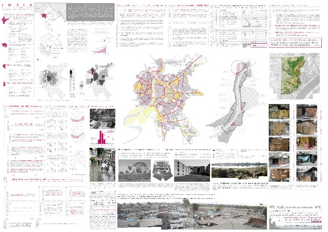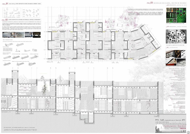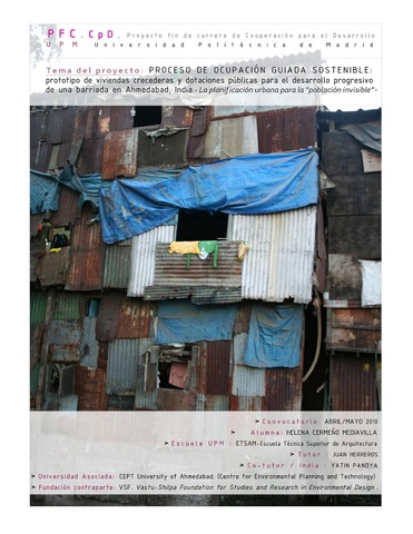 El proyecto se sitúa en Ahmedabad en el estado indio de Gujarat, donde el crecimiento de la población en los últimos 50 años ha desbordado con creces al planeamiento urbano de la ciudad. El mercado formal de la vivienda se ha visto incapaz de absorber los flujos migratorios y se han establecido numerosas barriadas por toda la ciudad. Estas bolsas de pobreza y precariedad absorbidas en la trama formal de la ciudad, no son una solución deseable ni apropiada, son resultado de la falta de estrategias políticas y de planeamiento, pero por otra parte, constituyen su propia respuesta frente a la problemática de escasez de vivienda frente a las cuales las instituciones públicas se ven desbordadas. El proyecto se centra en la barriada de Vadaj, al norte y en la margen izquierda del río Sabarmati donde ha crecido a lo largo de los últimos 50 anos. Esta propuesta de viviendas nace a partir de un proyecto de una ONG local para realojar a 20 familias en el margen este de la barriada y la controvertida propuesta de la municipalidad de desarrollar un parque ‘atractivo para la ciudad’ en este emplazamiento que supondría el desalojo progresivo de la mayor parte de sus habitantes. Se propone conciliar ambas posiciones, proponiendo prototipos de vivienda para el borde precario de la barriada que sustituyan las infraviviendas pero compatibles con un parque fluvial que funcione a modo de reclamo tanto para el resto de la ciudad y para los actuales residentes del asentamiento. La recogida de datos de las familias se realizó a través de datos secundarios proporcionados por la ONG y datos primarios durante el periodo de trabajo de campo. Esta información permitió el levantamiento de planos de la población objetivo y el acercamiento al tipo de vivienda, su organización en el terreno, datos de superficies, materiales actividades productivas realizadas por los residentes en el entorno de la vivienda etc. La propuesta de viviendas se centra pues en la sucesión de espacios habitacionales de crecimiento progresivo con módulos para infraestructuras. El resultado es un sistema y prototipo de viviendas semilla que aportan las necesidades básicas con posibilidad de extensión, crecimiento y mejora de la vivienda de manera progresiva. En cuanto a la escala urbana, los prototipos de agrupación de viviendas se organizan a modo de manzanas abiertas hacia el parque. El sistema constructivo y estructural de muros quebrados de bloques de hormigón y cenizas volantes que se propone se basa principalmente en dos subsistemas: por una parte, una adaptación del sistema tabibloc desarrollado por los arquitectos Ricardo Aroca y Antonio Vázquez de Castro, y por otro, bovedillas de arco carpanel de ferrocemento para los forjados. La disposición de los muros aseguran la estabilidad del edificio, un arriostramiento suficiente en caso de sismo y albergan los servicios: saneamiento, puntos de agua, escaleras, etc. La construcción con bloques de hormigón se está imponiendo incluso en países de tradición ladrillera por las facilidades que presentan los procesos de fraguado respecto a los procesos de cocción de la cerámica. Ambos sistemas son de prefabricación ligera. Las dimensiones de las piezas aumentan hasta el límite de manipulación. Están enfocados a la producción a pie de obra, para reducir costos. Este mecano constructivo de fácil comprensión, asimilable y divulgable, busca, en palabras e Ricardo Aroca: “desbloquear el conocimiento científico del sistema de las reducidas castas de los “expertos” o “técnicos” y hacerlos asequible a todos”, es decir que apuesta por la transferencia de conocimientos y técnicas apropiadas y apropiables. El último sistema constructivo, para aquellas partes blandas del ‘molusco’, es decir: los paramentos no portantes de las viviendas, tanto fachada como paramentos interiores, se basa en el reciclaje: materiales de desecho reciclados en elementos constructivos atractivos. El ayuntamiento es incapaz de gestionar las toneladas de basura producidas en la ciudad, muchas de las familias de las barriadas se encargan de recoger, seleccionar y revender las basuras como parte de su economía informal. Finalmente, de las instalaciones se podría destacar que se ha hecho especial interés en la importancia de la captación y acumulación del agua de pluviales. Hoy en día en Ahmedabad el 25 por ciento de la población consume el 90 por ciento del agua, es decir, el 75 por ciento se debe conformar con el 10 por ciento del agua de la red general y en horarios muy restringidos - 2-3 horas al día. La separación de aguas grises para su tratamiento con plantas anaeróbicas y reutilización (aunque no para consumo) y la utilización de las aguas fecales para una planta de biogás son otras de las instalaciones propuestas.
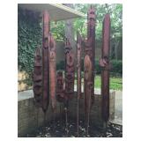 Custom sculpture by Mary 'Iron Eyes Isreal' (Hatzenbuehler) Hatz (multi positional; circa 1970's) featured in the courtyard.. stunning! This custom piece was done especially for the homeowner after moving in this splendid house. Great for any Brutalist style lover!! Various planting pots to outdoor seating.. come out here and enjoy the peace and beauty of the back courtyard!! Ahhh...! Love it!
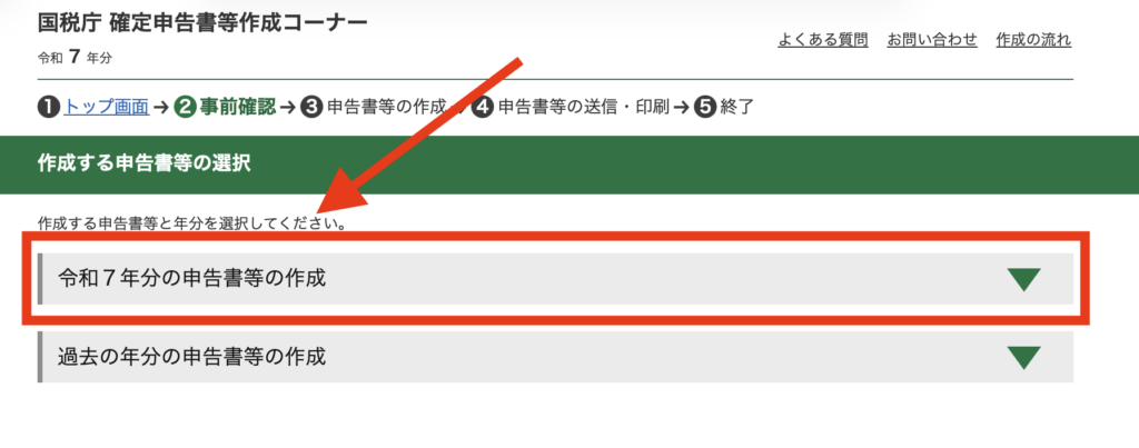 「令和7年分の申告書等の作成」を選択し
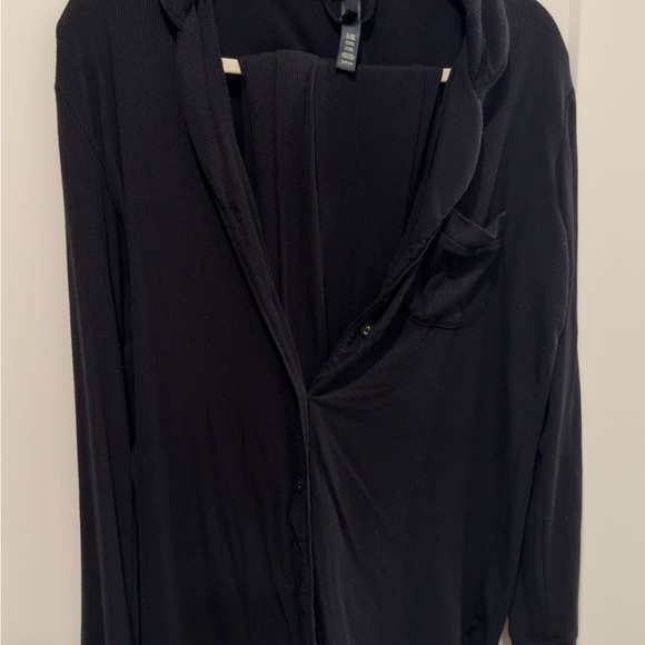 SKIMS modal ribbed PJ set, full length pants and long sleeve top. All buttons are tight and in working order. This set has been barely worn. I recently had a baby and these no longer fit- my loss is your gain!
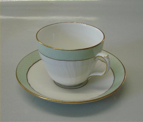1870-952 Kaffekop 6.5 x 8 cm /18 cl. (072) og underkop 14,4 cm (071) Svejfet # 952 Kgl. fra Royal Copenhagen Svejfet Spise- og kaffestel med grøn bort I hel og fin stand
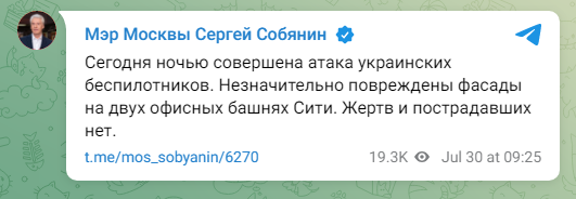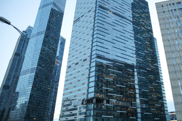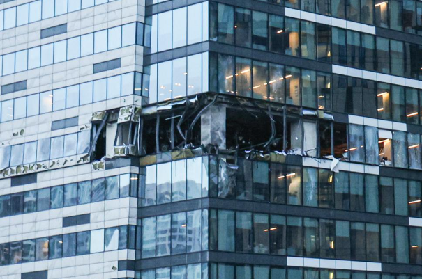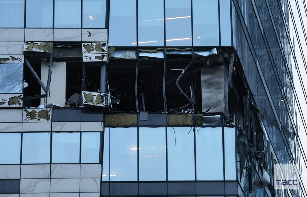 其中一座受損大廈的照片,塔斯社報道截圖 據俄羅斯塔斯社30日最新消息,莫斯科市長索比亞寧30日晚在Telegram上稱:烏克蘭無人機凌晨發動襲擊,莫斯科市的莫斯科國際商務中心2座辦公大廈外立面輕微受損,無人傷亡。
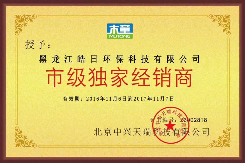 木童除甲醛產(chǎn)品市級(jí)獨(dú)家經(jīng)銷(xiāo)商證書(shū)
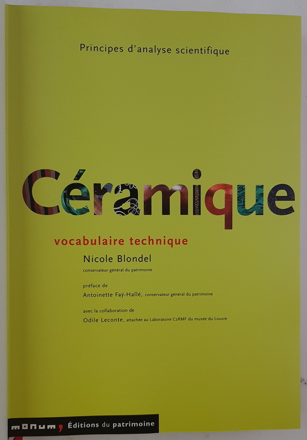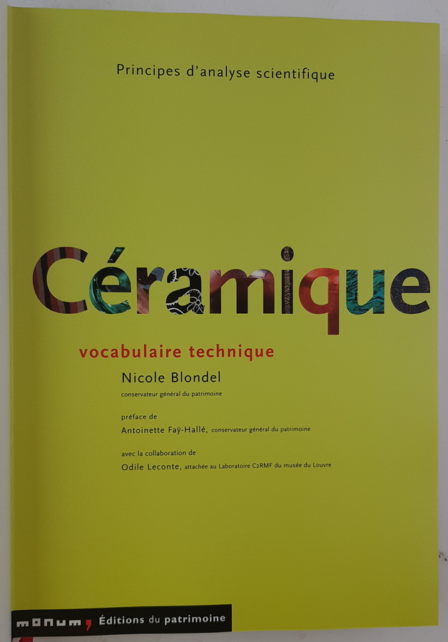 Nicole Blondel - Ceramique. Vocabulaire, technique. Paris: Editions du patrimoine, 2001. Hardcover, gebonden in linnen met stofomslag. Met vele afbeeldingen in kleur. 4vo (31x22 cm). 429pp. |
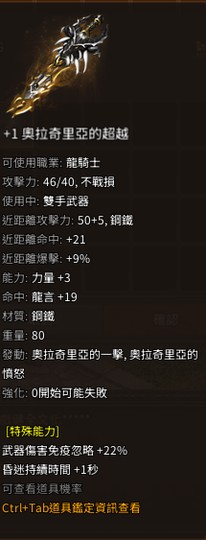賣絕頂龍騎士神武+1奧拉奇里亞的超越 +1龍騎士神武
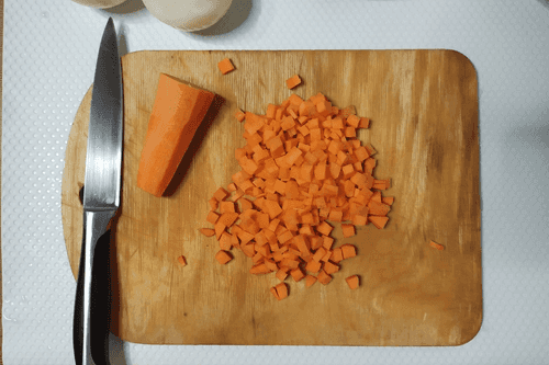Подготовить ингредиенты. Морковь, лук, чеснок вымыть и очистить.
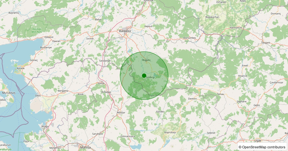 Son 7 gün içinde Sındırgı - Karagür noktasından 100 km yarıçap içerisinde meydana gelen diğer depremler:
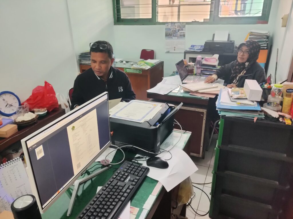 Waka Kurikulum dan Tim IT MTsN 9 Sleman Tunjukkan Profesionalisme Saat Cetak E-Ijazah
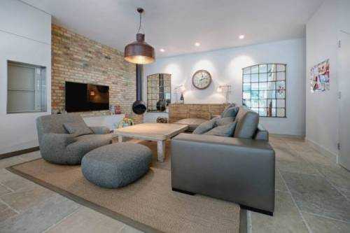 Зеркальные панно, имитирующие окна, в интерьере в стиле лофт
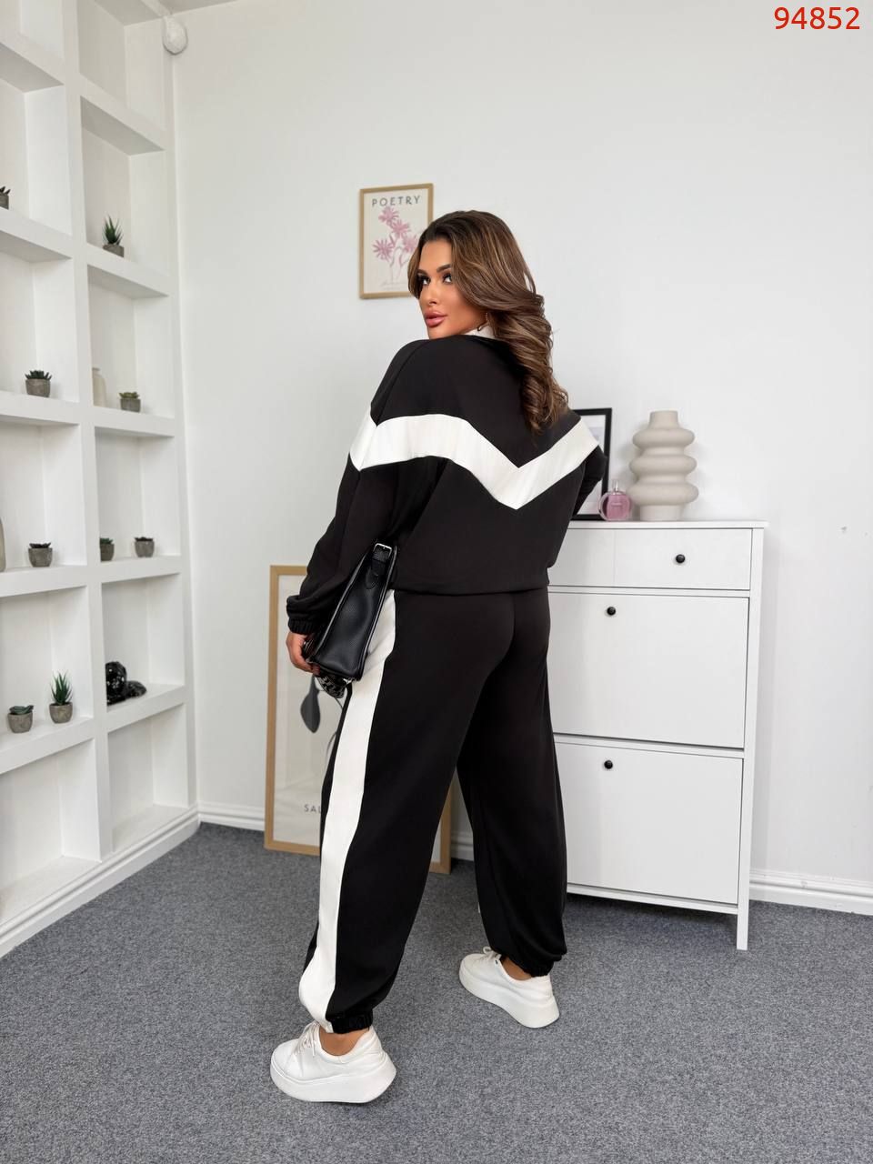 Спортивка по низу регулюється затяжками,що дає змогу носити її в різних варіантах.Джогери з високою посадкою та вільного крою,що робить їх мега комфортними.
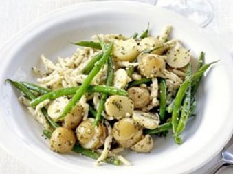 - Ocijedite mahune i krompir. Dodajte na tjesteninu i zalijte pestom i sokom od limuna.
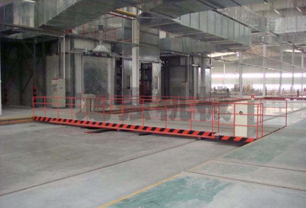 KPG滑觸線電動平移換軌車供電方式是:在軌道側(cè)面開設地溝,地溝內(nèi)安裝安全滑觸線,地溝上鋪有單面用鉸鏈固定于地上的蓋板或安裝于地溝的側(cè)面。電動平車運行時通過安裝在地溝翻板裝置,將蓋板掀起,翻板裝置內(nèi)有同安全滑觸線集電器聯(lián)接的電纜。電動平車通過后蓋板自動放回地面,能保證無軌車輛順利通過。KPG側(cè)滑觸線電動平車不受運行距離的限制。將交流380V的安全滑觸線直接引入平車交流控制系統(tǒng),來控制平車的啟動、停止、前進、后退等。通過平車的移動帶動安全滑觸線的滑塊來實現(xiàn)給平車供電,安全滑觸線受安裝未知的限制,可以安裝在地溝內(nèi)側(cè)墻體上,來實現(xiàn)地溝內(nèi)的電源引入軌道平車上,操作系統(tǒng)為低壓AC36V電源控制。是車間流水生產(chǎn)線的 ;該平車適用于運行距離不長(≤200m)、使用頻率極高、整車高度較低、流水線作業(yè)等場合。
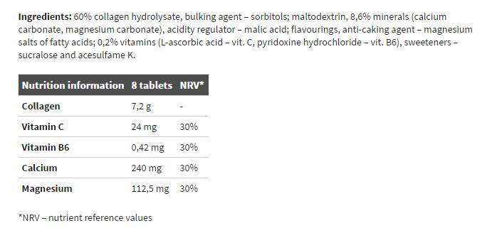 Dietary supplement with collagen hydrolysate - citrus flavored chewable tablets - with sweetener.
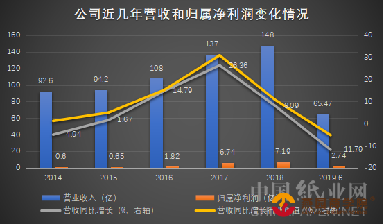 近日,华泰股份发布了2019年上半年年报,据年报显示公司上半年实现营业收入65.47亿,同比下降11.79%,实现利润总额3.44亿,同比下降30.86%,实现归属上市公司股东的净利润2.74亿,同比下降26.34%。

────────────────────

The listing is to be repeated word for word, with all pictures omitted.

 El proyecto se sitúa en Ahmedabad en el estado indio de Gujarat, donde el crecimiento de la población en los últimos 50 años ha desbordado con creces al planeamiento urbano de la ciudad. El mercado formal de la vivienda se ha visto incapaz de absorber los flujos migratorios y se han establecido numerosas barriadas por toda la ciudad. Estas bolsas de pobreza y precariedad absorbidas en la trama formal de la ciudad, no son una solución deseable ni apropiada, son resultado de la falta de estrategias políticas y de planeamiento, pero por otra parte, constituyen su propia respuesta frente a la problemática de escasez de vivienda frente a las cuales las instituciones públicas se ven desbordadas. El proyecto se centra en la barriada de Vadaj, al norte y en la margen izquierda del río Sabarmati donde ha crecido a lo largo de los últimos 50 anos. Esta propuesta de viviendas nace a partir de un proyecto de una ONG local para realojar a 20 familias en el margen este de la barriada y la controvertida propuesta de la municipalidad de desarrollar un parque ‘atractivo para la ciudad’ en este emplazamiento que supondría el desalojo progresivo de la mayor parte de sus habitantes. Se propone conciliar ambas posiciones, proponiendo prototipos de vivienda para el borde precario de la barriada que sustituyan las infraviviendas pero compatibles con un parque fluvial que funcione a modo de reclamo tanto para el resto de la ciudad y para los actuales residentes del asentamiento. La recogida de datos de las familias se realizó a través de datos secundarios proporcionados por la ONG y datos primarios durante el periodo de trabajo de campo. Esta información permitió el levantamiento de planos de la población objetivo y el acercamiento al tipo de vivienda, su organización en el terreno, datos de superficies, materiales actividades productivas realizadas por los residentes en el entorno de la vivienda etc. La propuesta de viviendas se centra pues en la sucesión de espacios habitacionales de crecimiento progresivo con módulos para infraestructuras. El resultado es un sistema y prototipo de viviendas semilla que aportan las necesidades básicas con posibilidad de extensión, crecimiento y mejora de la vivienda de manera progresiva. En cuanto a la escala urbana, los prototipos de agrupación de viviendas se organizan a modo de manzanas abiertas hacia el parque. El sistema constructivo y estructural de muros quebrados de bloques de hormigón y cenizas volantes que se propone se basa principalmente en dos subsistemas: por una parte, una adaptación del sistema tabibloc desarrollado por los arquitectos Ricardo Aroca y Antonio Vázquez de Castro, y por otro, bovedillas de arco carpanel de ferrocemento para los forjados. La disposición de los muros aseguran la estabilidad del edificio, un arriostramiento suficiente en caso de sismo y albergan los servicios: saneamiento, puntos de agua, escaleras, etc. La construcción con bloques de hormigón se está imponiendo incluso en países de tradición ladrillera por las facilidades que presentan los procesos de fraguado respecto a los procesos de cocción de la cerámica. Ambos sistemas son de prefabricación ligera. Las dimensiones de las piezas aumentan hasta el límite de manipulación. Están enfocados a la producción a pie de obra, para reducir costos. Este mecano constructivo de fácil comprensión, asimilable y divulgable, busca, en palabras e Ricardo Aroca: “desbloquear el conocimiento científico del sistema de las reducidas castas de los “expertos” o “técnicos” y hacerlos asequible a todos”, es decir que apuesta por la transferencia de conocimientos y técnicas apropiadas y apropiables. El último sistema constructivo, para aquellas partes blandas del ‘molusco’, es decir: los paramentos no portantes de las viviendas, tanto fachada como paramentos interiores, se basa en el reciclaje: materiales de desecho reciclados en elementos constructivos atractivos. El ayuntamiento es incapaz de gestionar las toneladas de basura producidas en la ciudad, muchas de las familias de las barriadas se encargan de recoger, seleccionar y revender las basuras como parte de su economía informal. Finalmente, de las instalaciones se podría destacar que se ha hecho especial interés en la importancia de la captación y acumulación del agua de pluviales. Hoy en día en Ahmedabad el 25 por ciento de la población consume el 90 por ciento del agua, es decir, el 75 por ciento se debe conformar con el 10 por ciento del agua de la red general y en horarios muy restringidos - 2-3 horas al día. La separación de aguas grises para su tratamiento con plantas anaeróbicas y reutilización (aunque no para consumo) y la utilización de las aguas fecales para una planta de biogás son otras de las instalaciones propuestas.
 Custom sculpture by Mary 'Iron Eyes Isreal' (Hatzenbuehler) Hatz (multi positional; circa 1970's) featured in the courtyard.. stunning! This custom piece was done especially for the homeowner after moving in this splendid house. Great for any Brutalist style lover!! Various planting pots to outdoor seating.. come out here and enjoy the peace and beauty of the back courtyard!! Ahhh...! Love it!
 「令和7年分の申告書等の作成」を選択し
 SKIMS modal ribbed PJ set, full length pants and long sleeve top. All buttons are tight and in working order. This set has been barely worn. I recently had a baby and these no longer fit- my loss is your gain!
1870-952 Kaffekop 6.5 x 8 cm /18 cl. (072) og underkop 14,4 cm (071) Svejfet # 952 Kgl. fra Royal Copenhagen Svejfet Spise- og kaffestel med grøn bort I hel og fin stand
 其中一座受損大廈的照片,塔斯社報道截圖 據俄羅斯塔斯社30日最新消息,莫斯科市長索比亞寧30日晚在Telegram上稱:烏克蘭無人機凌晨發動襲擊,莫斯科市的莫斯科國際商務中心2座辦公大廈外立面輕微受損,無人傷亡。
 木童除甲醛產(chǎn)品市級(jí)獨(dú)家經(jīng)銷(xiāo)商證書(shū)
 Nicole Blondel - Ceramique. Vocabulaire, technique. Paris: Editions du patrimoine, 2001. Hardcover, gebonden in linnen met stofomslag. Met vele afbeeldingen in kleur. 4vo (31x22 cm). 429pp. |
賣絕頂龍騎士神武+1奧拉奇里亞的超越 +1龍騎士神武
Подготовить ингредиенты. Морковь, лук, чеснок вымыть и очистить.
 Son 7 gün içinde Sındırgı - Karagür noktasından 100 km yarıçap içerisinde meydana gelen diğer depremler:
 Waka Kurikulum dan Tim IT MTsN 9 Sleman Tunjukkan Profesionalisme Saat Cetak E-Ijazah
 Зеркальные панно, имитирующие окна, в интерьере в стиле лофт
 Спортивка по низу регулюється затяжками,що дає змогу носити її в різних варіантах.Джогери з високою посадкою та вільного крою,що робить їх мега комфортними.
 - Ocijedite mahune i krompir. Dodajte na tjesteninu i zalijte pestom i sokom od limuna.
 KPG滑觸線電動平移換軌車供電方式是:在軌道側(cè)面開設地溝,地溝內(nèi)安裝安全滑觸線,地溝上鋪有單面用鉸鏈固定于地上的蓋板或安裝于地溝的側(cè)面。電動平車運行時通過安裝在地溝翻板裝置,將蓋板掀起,翻板裝置內(nèi)有同安全滑觸線集電器聯(lián)接的電纜。電動平車通過后蓋板自動放回地面,能保證無軌車輛順利通過。KPG側(cè)滑觸線電動平車不受運行距離的限制。將交流380V的安全滑觸線直接引入平車交流控制系統(tǒng),來控制平車的啟動、停止、前進、后退等。通過平車的移動帶動安全滑觸線的滑塊來實現(xiàn)給平車供電,安全滑觸線受安裝未知的限制,可以安裝在地溝內(nèi)側(cè)墻體上,來實現(xiàn)地溝內(nèi)的電源引入軌道平車上,操作系統(tǒng)為低壓AC36V電源控制。是車間流水生產(chǎn)線的 ;該平車適用于運行距離不長(≤200m)、使用頻率極高、整車高度較低、流水線作業(yè)等場合。
 Dietary supplement with collagen hydrolysate - citrus flavored chewable tablets - with sweetener.
 近日,华泰股份发布了2019年上半年年报,据年报显示公司上半年实现营业收入65.47亿,同比下降11.79%,实现利润总额3.44亿,同比下降30.86%,实现归属上市公司股东的净利润2.74亿,同比下降26.34%。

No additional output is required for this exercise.